Okay, you are an A-plus human being for not taking the DVD player. My husband gave me one to keep me from whining on our 2.5 hour drives to the coast to see my parents. And I'm older than you. Have a safe trip.

Miss Awesome said...

We once had a little monkey stuffed animal that made monkey sounds. After about a day I made my friend beat it until the sound box broke.

Not that I'm suggesting that... :P

Hey It's Di said...

OH, so that's how I get rid of the kids and the annoying toys huh?

My kids have had soooooooooo many evil noise making toys. The worst though was the furbies. I swear I would hide those things FAR away and under a million things. It didn't help!
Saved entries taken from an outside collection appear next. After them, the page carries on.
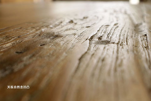 天然材独特の板の表面に凹んだ場所や、凸んだ場所、焦げ跡などがございます。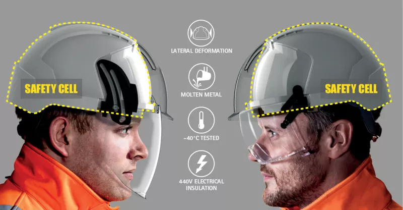 The safety cell concept prevents ricocheting debris travelling up the eyewear and impacting the scalp. In addition, the eyewear cannot make contact with the scalp, preventing injury should the eyewear be forced back on to the safety cell. Ideally suited to Shotcrete workers, mining conveyor service teams and scaffolders.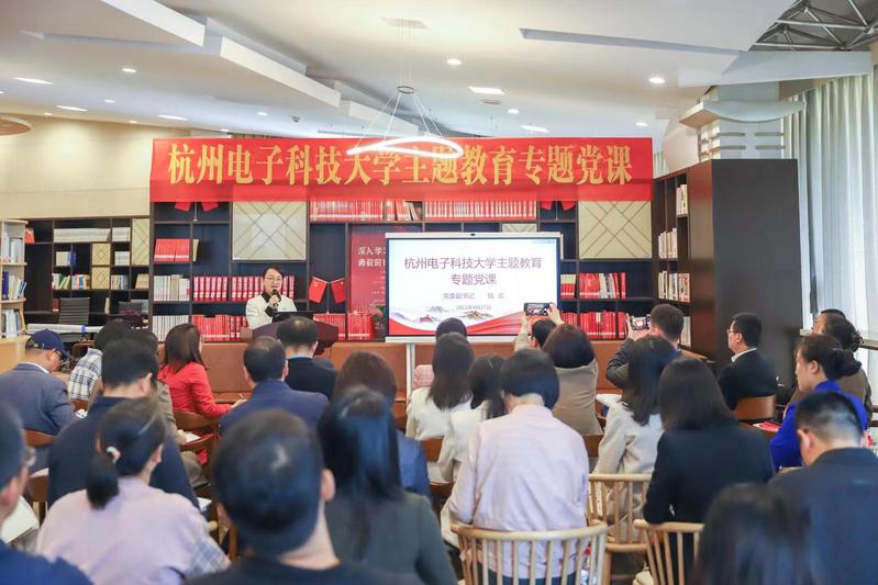 在专题党课中,党委副书记钱波分享了在省管领导干部主题教育读书班的学习体会。她强调,要深学笃行习近平新时代中国特色社会主义思想,牢记“国之大者”,旗帜鲜明讲政治,坚守“为党育人、为国育才”初心,充分发挥浙江作为“红色根脉”的独特优势,全面贯彻新时代党的建设总要求,切实加强党对高校的全面领导,把党的政治优势、组织优势转化为事业发展优势;聚焦立德树人根本任务,发挥铸魂立心作用,突出新思想引航指向,积极构建符合新时代教育规律和青年成长成才需要的育人体系,引导广大青年“坚定不移听党话、跟党走”。她提出,要从“培养高质量的数字人才”“把主题教育融入立德树人全过程”““聚焦‘卡脖子’技术攻坚克难”以及“服务‘两个先行 ’彰显教育担当”这四个方面着手,使主题教育活动开展体现出教育味、杭电味和科技味。
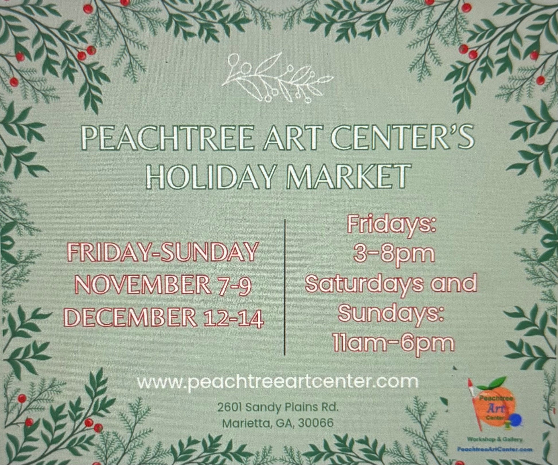 Join us at **Peachtree Art Center’s Holiday Market** for two festive weekends filled with local art, unique gifts, and holiday spirit!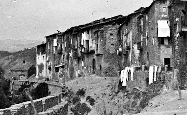 | 1920. Salàs de Pallars (el Pallars Jussà). Foto: Josep Salvat i Blanch (1866-1929), (BdC-MDC). Detall de l'antic raval del Vall, i de les dones i nenes rentant la roba, que transportaven en cossis per estendre-la als balcons i galeries de casa. |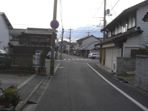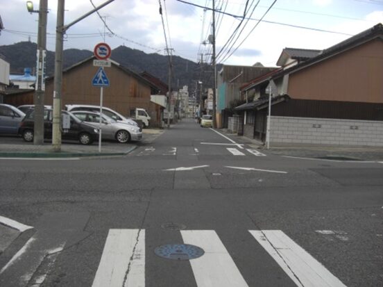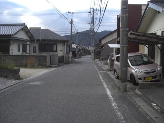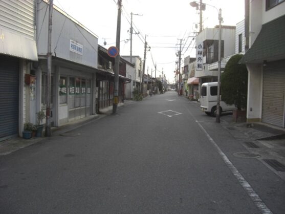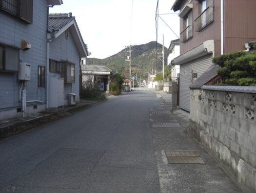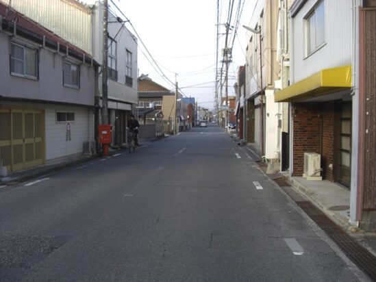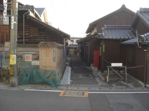 左に折れた枡形の街並みこの辺り 古代山陽道の陶市跡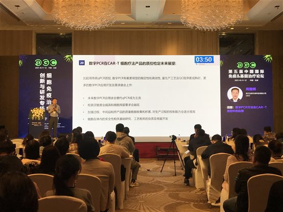本次論壇西美杰特邀達(dá)普生物周國(guó)輝博士為與會(huì)人員帶來了“數(shù)字PCR方法在CAR-T質(zhì)控中的應(yīng)用”的專題講座。周國(guó)輝博士開發(fā)了一種基于數(shù)字PCR方法的儀器及微流控芯片系統(tǒng),從質(zhì)量控制的角度,實(shí)現(xiàn)對(duì)CAR-T細(xì)胞等生物制品的質(zhì)控要求。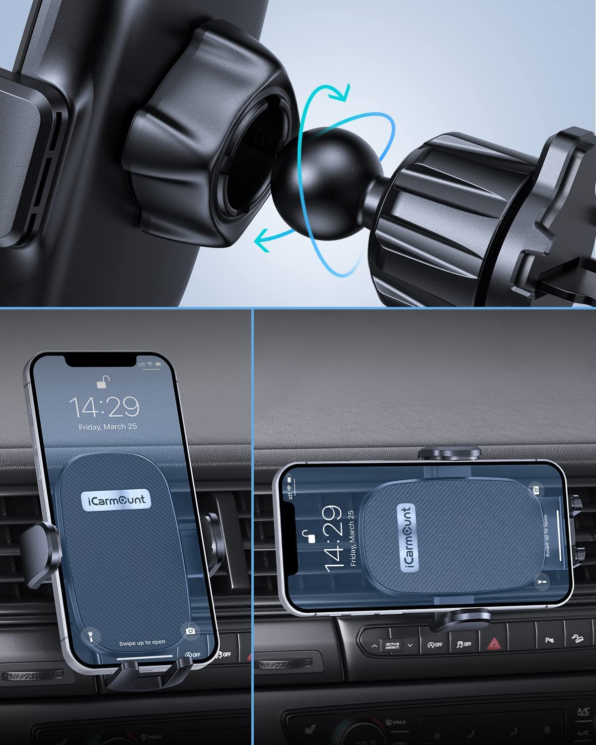 iCarMount Car Phone Holder Mount - Air Ventilated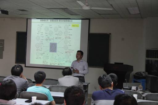 5月8日下午,应特种功能材料重点实验室的邀请,中国科学技术大学化学系教授、博士生导师、中国科学院"百人计划"入选者、国家杰出青年科学基金获得者王官武教授访问特种功能材料重点实验室并在实验室二楼报告厅做了题为:“钯催化的官能团导向sp2碳-氢键活化反应”的学术报告。报告会由实验室副主任白锋教授主持,特种功能材料重点实验室、天然药物重点实验室以及化学化工学院的部分师生参加了报告会。 王官武教授结合自己课题组多年的发展历程,详细介绍了碳-氢活化反应的机理、重要意义、应用前景等。他首先介绍了自己前期基于富勒烯的各类反应体系,然后详尽的讲述了其课题组在碳-氢活化反应领域取得的丰富而系统的研究成果,并将其课题组在碳-氢活化的反应取得的研究方法与思路应用于基于富勒烯的衍生化。王老师的研究工作丰富而系统,研究特色鲜明,相关研究工作发表在J. Am. Chem. Soc., Angew. Chem., J. Org. Chem.等高档的杂志上。 王老师报告中论述层次分明,报告内容引人入胜,令人震撼,会场师生享受到难得的有机化学学术大餐。报告结束后,师生对王老师工作感兴趣的地方进行了深入讨论和交流。通过王老师精彩的报告,实验室师生不仅对“碳-氢活化”有了进一步的深入认识,同时也王老师身上学习到了做科学研究的方式方法,深受启发。会后,王官武教授参观了实验室王华教授所在课题组,并结合相关学术问题进行了详细的讨论。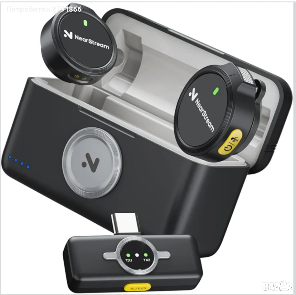 Безжични микрофони NearStream Lavalier с шумопотискане,200м. предаване за смартфон/DSLR/фотоапарат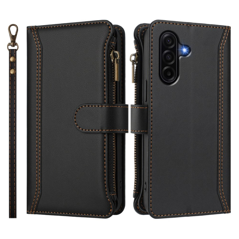 Étui portefeuille multifonction pour Samsung Galaxy A37 5G offrant une protection complète. Doté de 9 emplacements pour cartes, d'une poche zippée, d'une fermeture magnétique sécurisée et d'un support mains libres pratique. Inclut une dragonne pour un transport facile et sécurisé.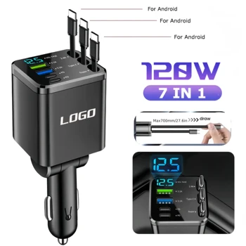 7-In-1 Car Phone Fast Charger Three Retractable Cables Quick Charging 180° Directional Adjustment LED Digital Display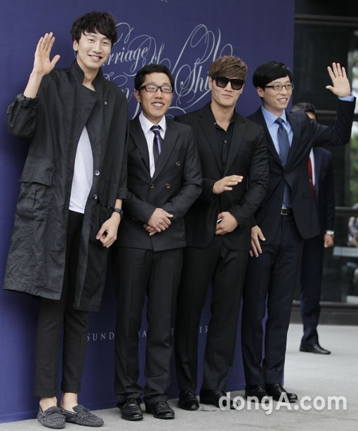 이광수, 김제동, 김종국, 유재석이 차례로 서 있는 모습이다. 사진만으로도 유재석의 비율이 압도적임을 알 수 있다. 모델 출신 이광수가 큰 키를 앞세워 선방하는 모습이다.
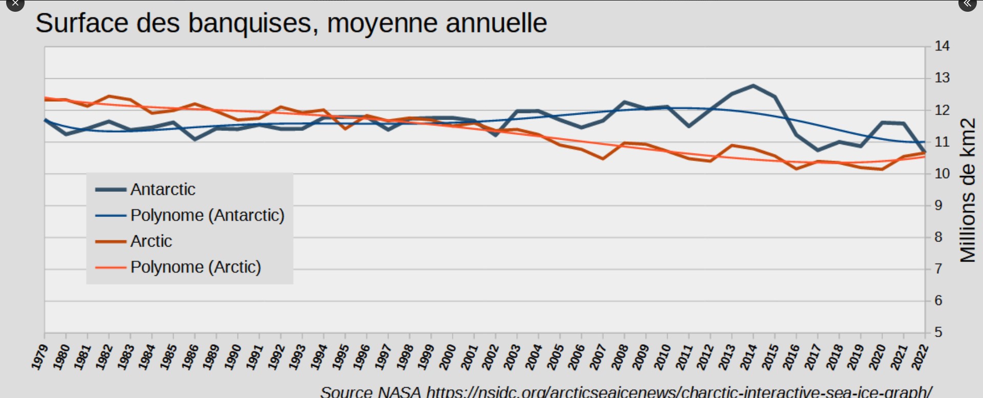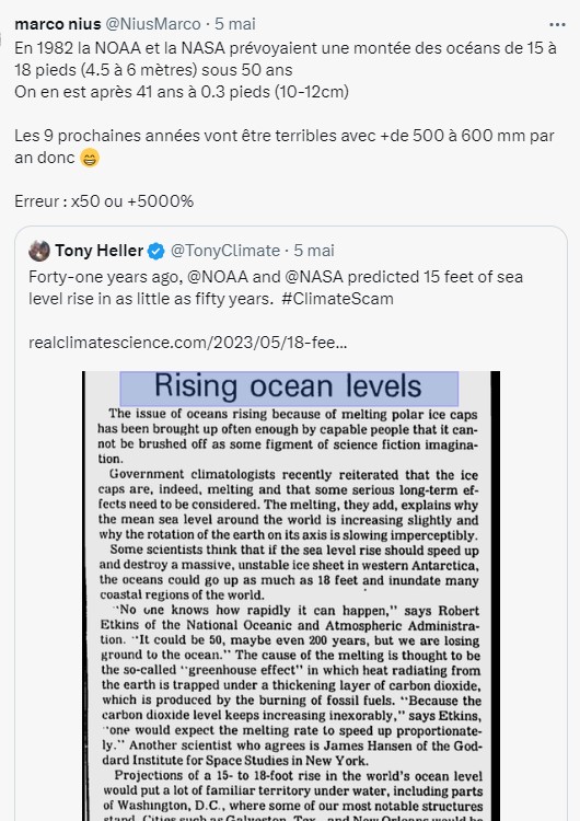 Les observations de la Nasa :en 50 ans les banquises des pôles n’ont reculé que de 10%, leur disparition était prévue par la presse pour 1989, le niveau de la mer aurait du monter de 6m (10cm en réalité)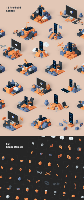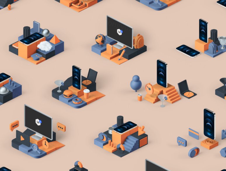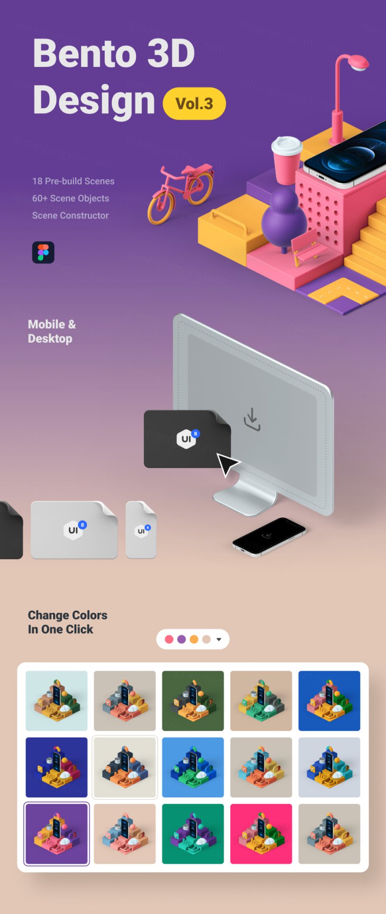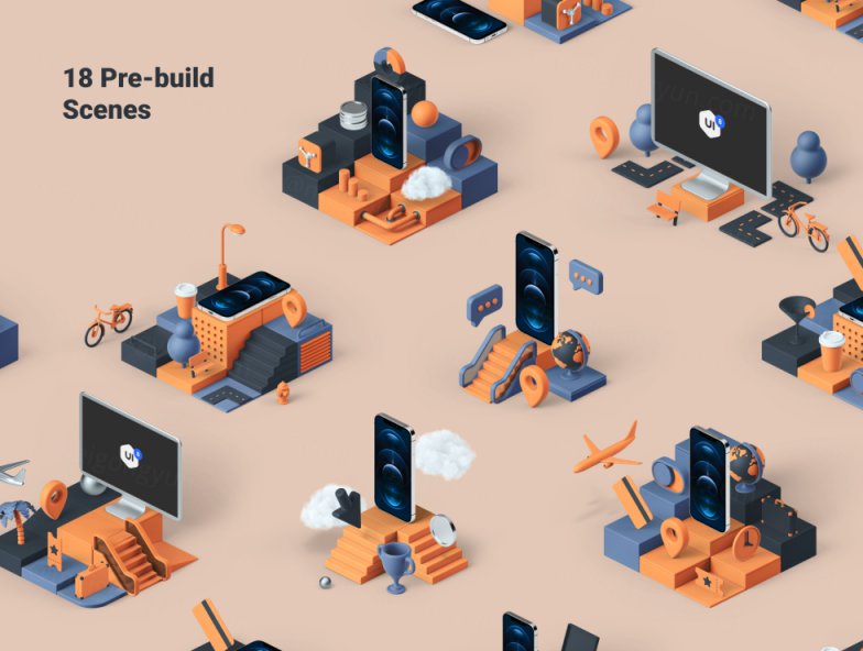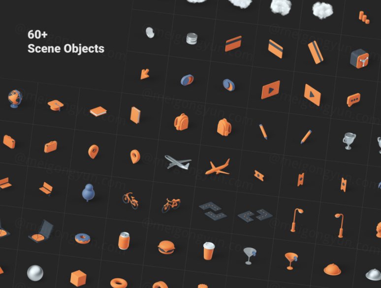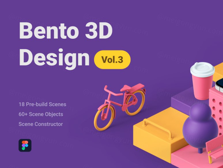 图穷联素材库 » 3D视觉设计系统元素场景图标素材 Bento 3D Design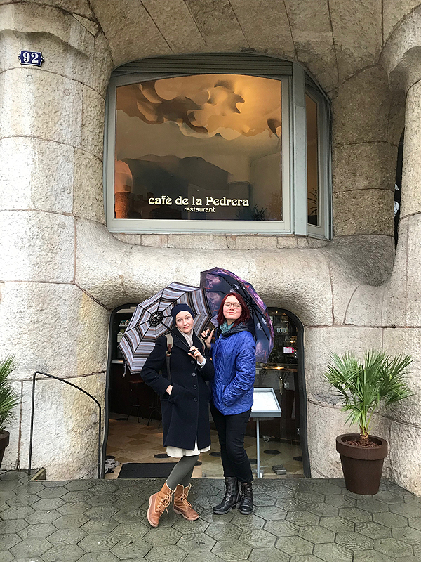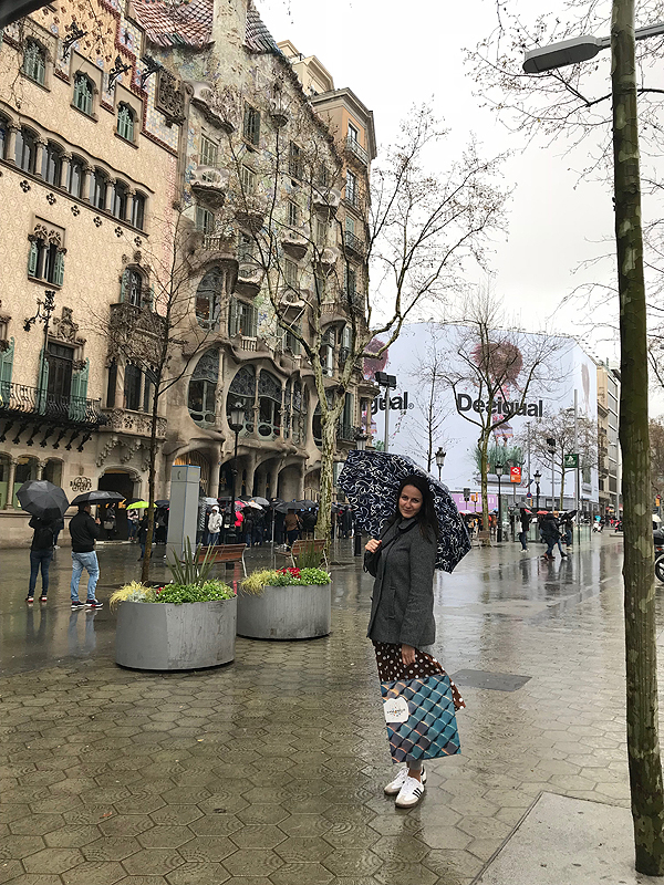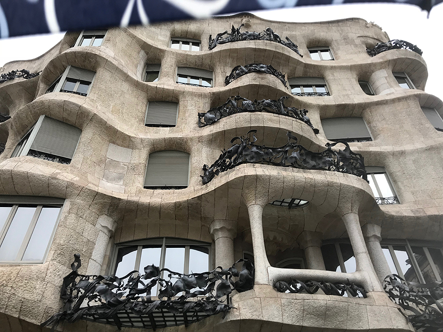 La Pedrera tik taip, iš po skėčio. Visą dieną pliaupia. Bet mes neliūdim.

They would start making noise all hours of the night. I finally had to take matters into my own hands and permanently remove the batteries. Ahhhh much better!

Ashley. Unscripted... said...

The Husband and I are both dying now over RP.

The Girl Next Door said...

HIlarious! Do your kids repeat each other? bc mine did ALL THE TIME (ok let's be honest, son still does it even though they're 15) and they HATE it. So RP would've made all of our heads explode...

Bee said...

Now I want reapt-y parrot so I can say "pop you in the ass"1 Niiiice! ;o)

Lucy Filet said...

Mwahahaha! I've never heard of a repeaty parrot, but we have a little monster that my "friend" sent me, that sings monster mash OVER AND OVER AND OVER. He now is hidden in the Halloween things and only comes out for that one day, but I swear the kids make up for not seeing him for the whole year.

Manager Mom said...

Ye Gods woman, why are you hatin' on the DVD player? Have you been drinking?

Anonymous said...

We have the parrot that curses. HATE IT

peace
#2

JD at I Do Things said...

Oh, my hell, that is funny. Why is it I can so clearly hear Repeaty-Y Parrott in my head, static and all?


JD at I Do Things

Queen Goob said...

I’d have to rip off his face
I’d have to rip off his face
Then kick him across the room
Then kick him across the room
And flatten it with a hammer
And flatten it with a hammer……

Cassie said...

I'd be in BIG trouble if I had a toy that repeated everything I said! Glad you thought my husband's insults were funny--haha, I actually did too, otherwise I definitely wouldn't have posted them!